[lbo-talk] blackouts and deregulation

Wojtek Sokolowski sokol at jhu.edu
Wed Aug 20 14:05:32 PDT 2003


Jordan:
> Not according to my rail maps it isn't! It's 959 on the current
Amtrak


> Thalys (Paris-Brussels) is 160mi in 1:25 or 112mph average. Acelas do
> NYP-Washington (222 miles) in just about 2:45 which is 80mph, still
much
> faster than your mythical 65mph car.

Thus assuming that the existing distance you mention is not shortened by new tracks, and that the average Acela speed cannot be upgraded to that of Thalyss, that still gives us 595/80=12 hours between Chicago and NYC. Did not you doubt that when I first stated it?

In the same vein, there is nothing that would prevent building tracks along I-5 (which runs across a rather flat terrain for the most part) and thus reduce travel speed. Tracks cost less than a freeway.

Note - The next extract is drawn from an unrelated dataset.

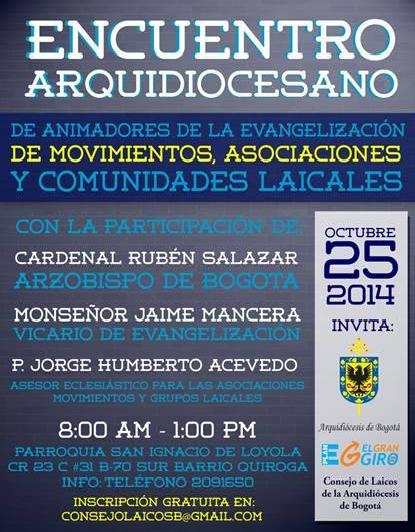 Este evento está siendo convocado por la Vicaría de la Evangelización de la Arquidiócesis de Bogotá y el Consejo de Laicos de la Arquidiócesis de Bogotá en el marco del Plan de Evangelización.

> The biggest benefit of highway subsidation is found in lower consumer
> prices; team driven trucks beat (in time and price) even the fastest
> cargo trains between Chicago and LA (and certainly do much better on
the
> shorter hops!). So what's this bank-for-the-buck calculation you're
> doing?

The situation would look much different if we added the full cost of automobile traffic, which includes such externalities now conveniently stuffed under the rug like environmental pollution, or safety (everything else being equal, truck are bound to cause more accidents than trains by the virtue of their sheer numbers). Trucking companies do not pay those costs, the taxpayers do.

The bottom line is, Jordan, that political pork can travel much further in explaining the current shape of the US transportation system than any cost/benefit or geography consideration. If it were otherwise, how come that nobody else but the US-ers insist on implementing it, and everyone else sticks to the old fashioned and "inefficient" trains?

The same, btw, can be asked of the supposedly "superior" US political institutions - how come that all of the newly democratized in the1980s and 1990s countries opted for the 'Old Europe's" parliamentary democracy rather than new brave world of the politics championed by the US?